How to run a BLAST search¶

Step 1: Download data¶

First, we need some data! For this tutorial, we're using mouse and zebrafish RefSeq protein data sets from NCBI. We'll put them in our home directory:

sudo chmod a+rwxt /mnt
cd /mnt

Note

chmod command stands for change mode and it is used to define or change permissions or modes on files and limit access to only those who are allowed access. It's the same as using your mouse to right-click a file or folder and selecting the permission tabs and defining who can access the resource.

Now, we'll use curl to download the files from an online OSF repository to the AWS remote instance. These are copies of the files from the NCBI FTP site.

Note

You can Copy/Paste multiple commands at a time, and they will execute in order.

curl -o mouse.1.protein.faa.gz -L https://osf.io/v6j9x/download
curl -o zebrafish.1.protein.faa.gz -L https://osf.io/68mgf/download

Note

curl is a command line tool that allows you to transfer data from or to a remote server. The lowercase -o allows you to specifiy the name of the saved file, while the uppercase -O saves the file with its original filename. The -L is the location of the file.

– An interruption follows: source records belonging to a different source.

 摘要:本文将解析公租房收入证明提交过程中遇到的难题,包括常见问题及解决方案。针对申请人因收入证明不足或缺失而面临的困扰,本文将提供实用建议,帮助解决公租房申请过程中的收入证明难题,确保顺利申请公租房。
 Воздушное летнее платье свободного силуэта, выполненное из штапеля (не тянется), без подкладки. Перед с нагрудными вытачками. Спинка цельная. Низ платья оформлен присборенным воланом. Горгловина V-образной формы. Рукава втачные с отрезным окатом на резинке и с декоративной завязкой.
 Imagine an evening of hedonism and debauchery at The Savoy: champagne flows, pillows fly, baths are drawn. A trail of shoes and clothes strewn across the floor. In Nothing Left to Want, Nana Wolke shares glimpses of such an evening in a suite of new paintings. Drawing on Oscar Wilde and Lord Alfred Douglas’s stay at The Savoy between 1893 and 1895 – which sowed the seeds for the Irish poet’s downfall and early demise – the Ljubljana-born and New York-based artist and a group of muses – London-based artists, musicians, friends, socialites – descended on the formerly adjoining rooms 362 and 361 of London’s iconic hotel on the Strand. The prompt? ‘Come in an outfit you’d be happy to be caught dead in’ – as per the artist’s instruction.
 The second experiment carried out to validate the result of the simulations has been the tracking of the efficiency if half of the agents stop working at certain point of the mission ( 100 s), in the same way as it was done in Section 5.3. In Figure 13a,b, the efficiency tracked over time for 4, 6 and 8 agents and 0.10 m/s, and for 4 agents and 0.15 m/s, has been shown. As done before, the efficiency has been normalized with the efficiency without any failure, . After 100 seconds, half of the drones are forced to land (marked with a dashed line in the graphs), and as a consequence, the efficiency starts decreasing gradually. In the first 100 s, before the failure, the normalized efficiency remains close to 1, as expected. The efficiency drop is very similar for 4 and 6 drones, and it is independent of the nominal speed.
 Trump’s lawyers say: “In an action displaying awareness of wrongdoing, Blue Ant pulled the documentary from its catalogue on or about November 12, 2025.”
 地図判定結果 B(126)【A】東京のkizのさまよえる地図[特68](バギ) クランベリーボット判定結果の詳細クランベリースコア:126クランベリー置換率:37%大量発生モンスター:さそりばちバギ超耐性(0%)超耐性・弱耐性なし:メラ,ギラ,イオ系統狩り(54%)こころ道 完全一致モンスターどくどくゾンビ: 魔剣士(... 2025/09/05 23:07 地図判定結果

There should now be two protein files in the current directory:

Input

ls -lht

Use the ls command to list the files in the directory. The -l flag adds file permissions, ownership, size, and creation time information. The -h flag converts the file sizes into human-readable units and the -t flag sorts the files starting with the most recently created file.

Expected Output

Your output should look similar, though the download dates will be the current date and time when you downloaded the files:

total 30M
-rw-rw-r-- 1 ubuntu ubuntu  14M Oct  2 20:30 zebrafish.1.protein.faa.gz
-rw-rw-r-- 1 ubuntu ubuntu  12M Oct  2 20:28 mouse.1.protein.faa.gz

These files are FASTA protein files (that's what the ".faa" means) that are compressed with gzip (that's what the ".gz" means).

Uncompress them:

gunzip *.faa.gz

Let's look at the first few sequences in the file:

head mouse.1.protein.faa

These are protein sequences in FASTA format. FASTA format is something many of you have probably seen in one form or another -- it's ubiquitous!

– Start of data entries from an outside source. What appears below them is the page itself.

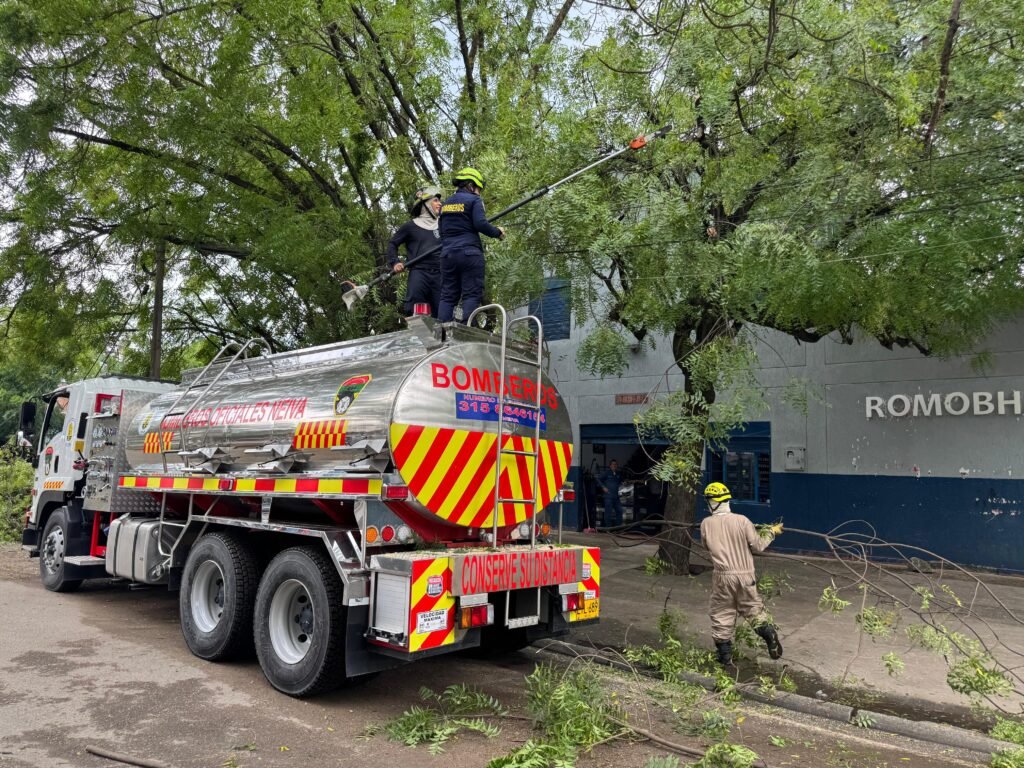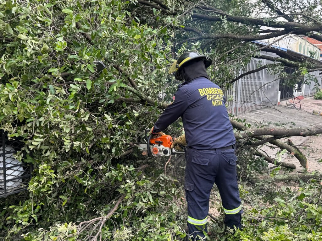 Más de 50 unidades del Cuerpo Oficial de Bomberos de Neiva han trabajado en distintos puntos de la ciudad para retirar árboles y prevenir nuevos riesgos. En las labores también participan la Defensa Civil Colombiana, la Cruz Roja Colombiana, Bomberos Voluntarios, además de Ejército y Policía.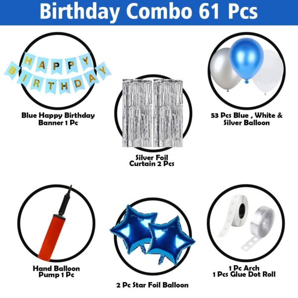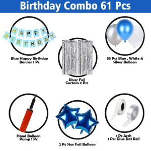 Blue & Silver Birthday Decoration Kit – 60 Pcs Party Set with Balloons, Banner & More
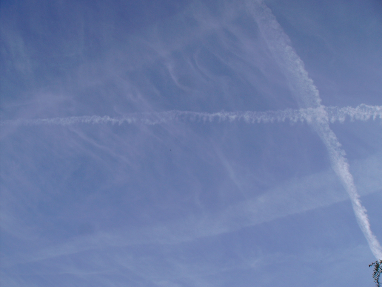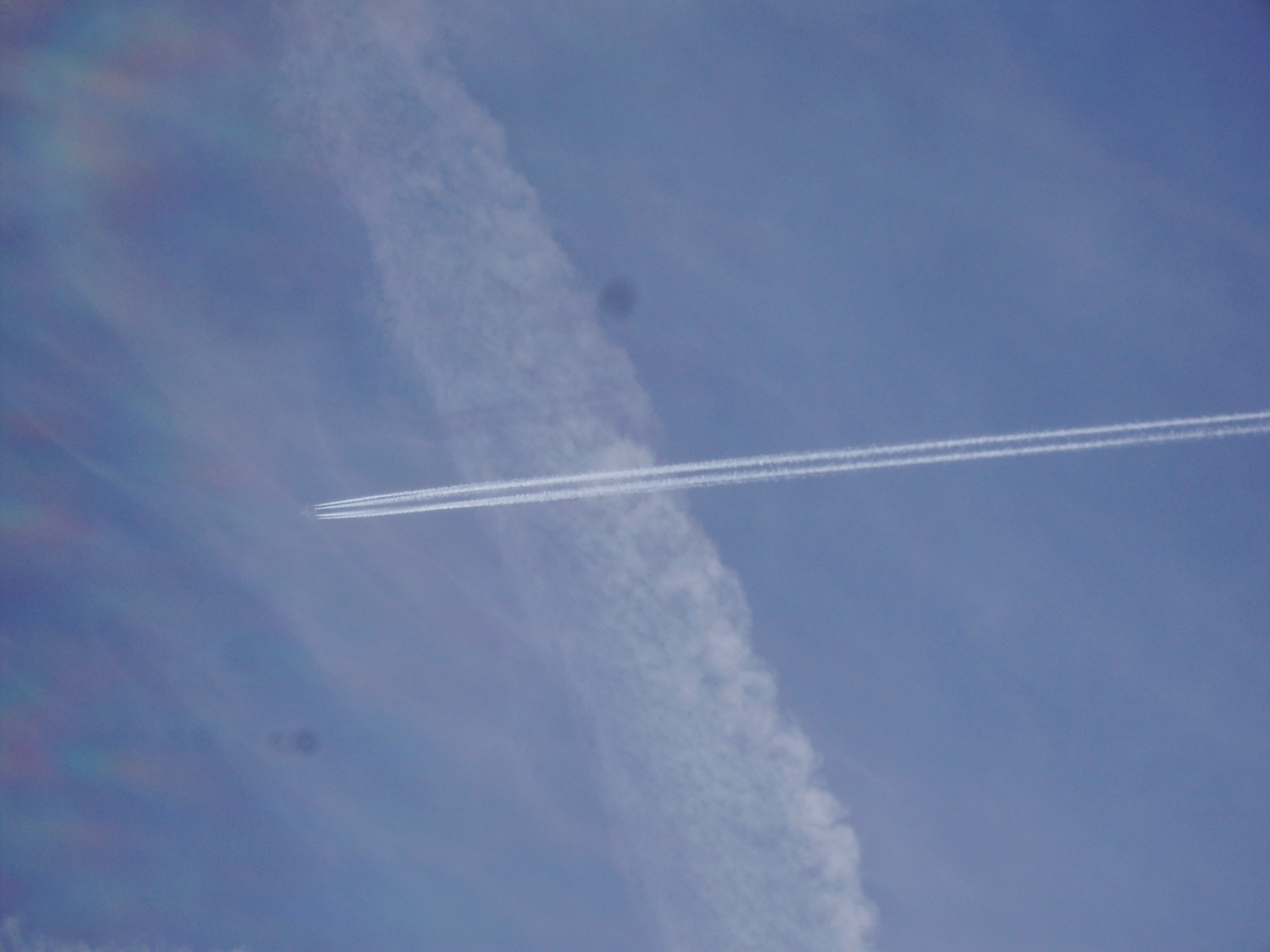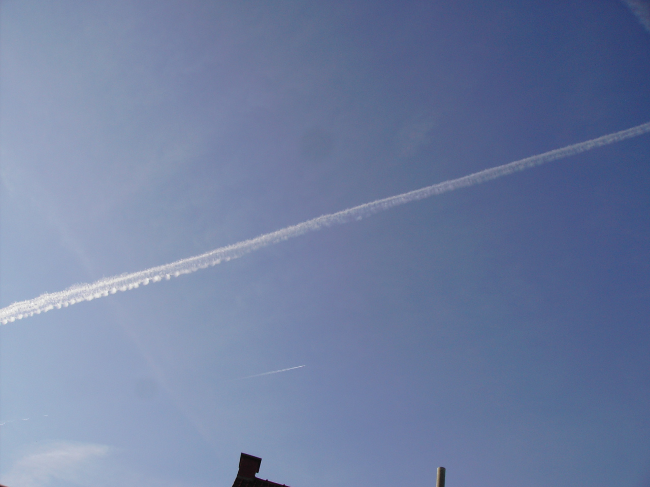 Alle chemtrails dat ik vandaag getrokken heb zijn afkomstig van "passagiers"vliegtuigen. Ik denk dat ik maar één letterlijk passagiersvliegtuig getrokken heb vandaag. Ik heb er ook al gezien ZONDER contrail, gewoon niets achter hun. Zie foto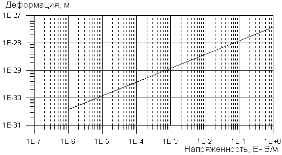 Далее мы вступаем в зону незнания. Какие напряжённости управляют процессами мышления? Образами? Двигательной деятельностью? На эти вопросы могут ответить только биологи, которые исследуют электрические процессы в живых организмах. В данном случае автор выступает только как физик. Можно, например, предположить, что мыслительные напряжённости обладают величинами порядка микровольт, а максимум – около одного вольта. Рассчитаем график деформации структуры вакуума в зависимости от электрической напряжённости, воспользовавшись формулой (1). На рис. 1 дан график расчёта. Напомним, что при земной гравитации деформация примерно на 5 порядков больше максимальной величины на нашем графике и составляет 1,27·10–22 м, для Солнца 6,7·10–22 м. Для того, чтобы поднять какой-либо предмет, пусть даже очень легкий, необходимо в 100 000 раз сильнее «подумать» – создать мысль с такой напряжённостью. Чтобы сдвинуть лёгкую бумажку с малым весом и соответственно с малым трением (по гладкой поверхности опоры), потребуются во много раз меньшие напряжения и мысленные усилия.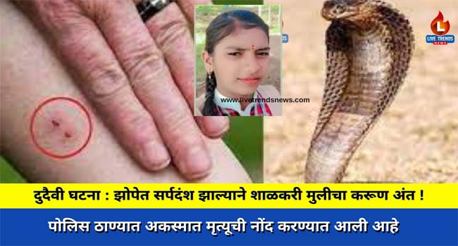 सांगली-लाईव्ह ट्रेंडस न्यूज प्रतिनिधी । रात्री झोपेत असतांना सर्पदंश झाल्याने १५ वर्षीय शाळकरी मुलीचा करूण अंत झाल्याची दुदैवी घटना समोर आली आहे. श्रेया श्रीशैली न्हावी (वय-१५) रा. संख ता. जत जि.सांगली. असे मयत शाळकरी मुलीचे नाव आहे. नातेवाईकांनी तातडीने जत ग्रामीण रूग्णालयात दाखल केले असता वैद्यकीय अधिकारी यांनी मयत घोषीत केले.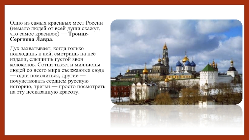 Дух захватывает, когда только подходишь к ней, смотришь на неё издали, слышишь густой звон колоколов. Сотни тысяч и миллионы людей со всего мира съезжаются сюда — одни помолиться, другие — почувствовать сердцем русскую историю, третьи — просто посмотреть на эту несказанную красоту.

It's a text file, containing sequence records. Each record starts with a >, and then contains one or more lines of sequence text. The information associated with each sequence is in the header line: accession number, gene, and species.

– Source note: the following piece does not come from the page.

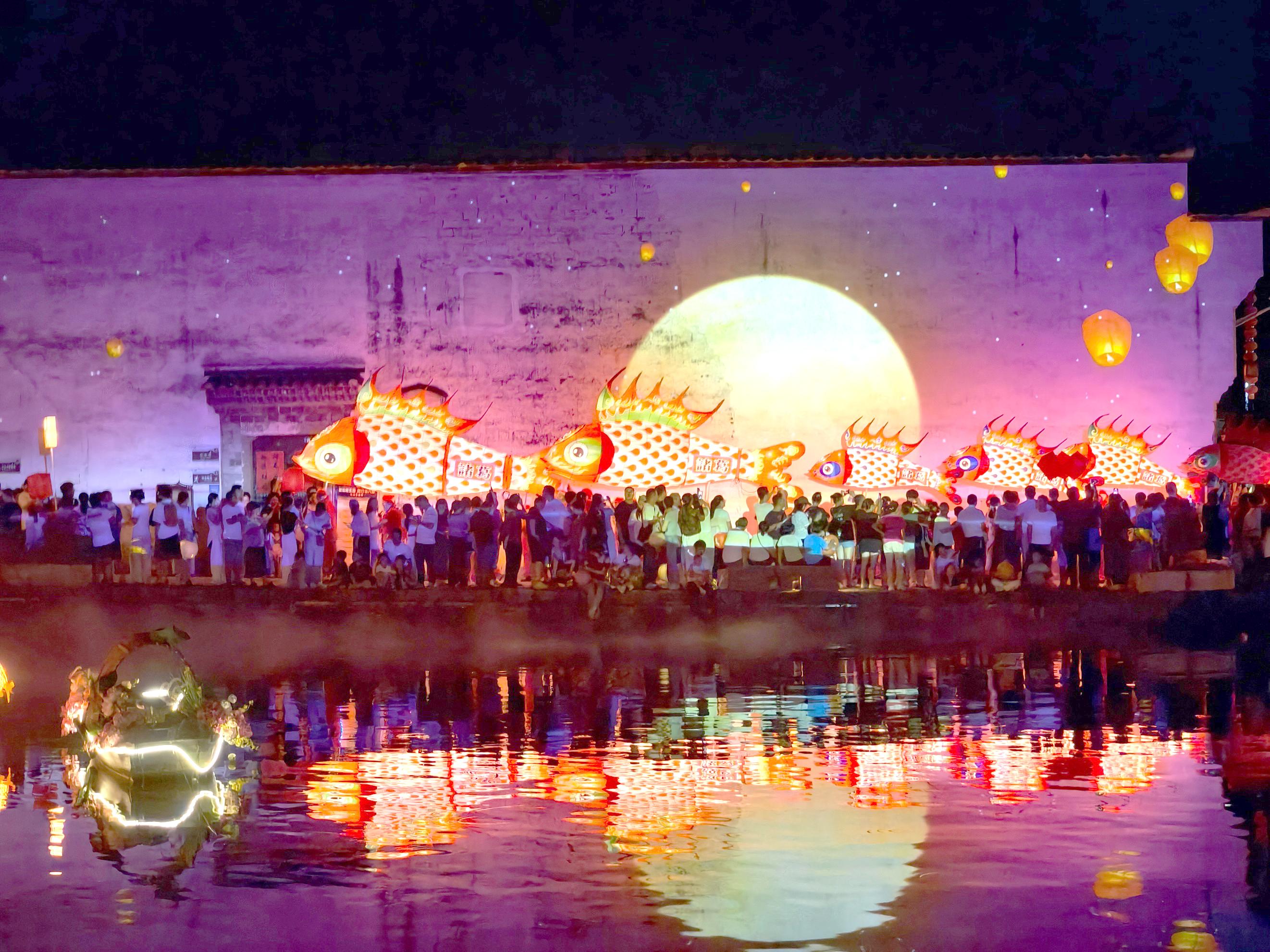 10月2日晚6时许,兰溪诸葛八卦村的青石板路渐次热闹开来,非遗鱼灯巡游正式启幕。手持鱼灯的巡游者身着传统服饰,步伐随鼓点起伏,鱼灯时而“摆尾”时而“跃水”,游客纷纷举手机追拍,小朋友追着队伍跑,伸手轻触灯身,笑声洒满古巷。当鱼灯巡游至村中心上塘古水道,水面上的花船早已备好“月夜盛宴”。船上悬挂以圆月造型灯,舞者化身“嫦娥”,随悠扬民乐翩跹起舞,水袖翻飞间,倒影在明净水面摇曳生姿。随后,花船上,古典舞与民乐合奏轮番衔接,琵琶、古筝的旋律伴着舞姿流淌。

Step 2: Subset data for demo¶

Let's take those first two sequences and save them to a file. We'll do this using output redirection with >, which says "take all the output from the preceding command and put it into this new file."

Select the first 11 lines of the file and save as a new file:

Input

head -n 11 mouse.1.protein.faa > mm-first.faa

Expected Output

So now, for example, you can do cat mm-first.faa to see the contents of that file (or less mm-first.faa):

ubuntu@ip-172-31-17-217:~$ cat mm-first.faa
>YP_220550.1 NADH dehydrogenase subunit 1 (mitochondrion) [Mus musculus domesticus]
MFFINILTLLVPILIAMAFLTLVERKILGYMQLRKGPNIVGPYGILQPFADAMKLFMKEPMRPLTTSMSLFIIAPTLSLT
LALSLWVPLPMPHPLINLNLGILFILATSSLSVYSILWSGWASNSKYSLFGALRAVAQTISYEVTMAIILLSVLLMNGSY
SLQTLITTQEHMWLLLPAWPMAMMWFISTLAETNRAPFDLTEGESELVSGFNVEYAAGPFALFFMAEYTNIILMNALTTI
IFLGPLYYINLPELYSTNFMMEALLLSSTFLWIRASYPRFRYDQLMHLLWKNFLPLTLALCMWHISLPIFTAGVPPYM
>YP_220551.1 NADH dehydrogenase subunit 2 (mitochondrion) [Mus musculus domesticus]
MNPITLAIIYFTIFLGPVITMSSTNLMLMWVGLEFSLLAIIPMLINKKNPRSTEAATKYFVTQATASMIILLAIVLNYKQ
LGTWMFQQQTNGLILNMTLMALSMKLGLAPFHFWLPEVTQGIPLHMGLILLTWQKIAPLSILIQIYPLLNSTIILMLAIT
SIFMGAWGGLNQTQMRKIMAYSSIAHMGWMLAILPYNPSLTLLNLMIYIILTAPMFMALMLNNSMTINSISLLWNKTPAM
LTMISLMLLSLGGLPPLTGFLPKWIIITELMKNNCLIMATLMAMMALLNLFFYTRLIYSTSLTMFPTNNNSKMMTHQTKT
KPNLMFSTLAIMSTMTLPLAPQLIT

Tip

if you try less mm-first.faa, exit back to the terminal by pressing the Q key in your keyboard.

Step 3: Create blast database¶

Now let's BLAST these two mouse sequences against the entire zebrafish protein data set. First, we need to tell BLAST that the zebrafish sequences are (a) a database, and (b) a protein database. That's done by calling makeblastdb:

Input

makeblastdb -in zebrafish.1.protein.faa -dbtype prot

Expected Output

Building a new DB, current time: 10/02/2020 20:38:17
New DB name:   /home/ubuntu/zebrafish.1.protein.faa
New DB title:  zebrafish.1.protein.faa
Sequence type: Protein
Keep MBits: T
Maximum file size: 1000000000B
Adding sequences from FASTA; added 53088 sequences in 1.69959 seconds.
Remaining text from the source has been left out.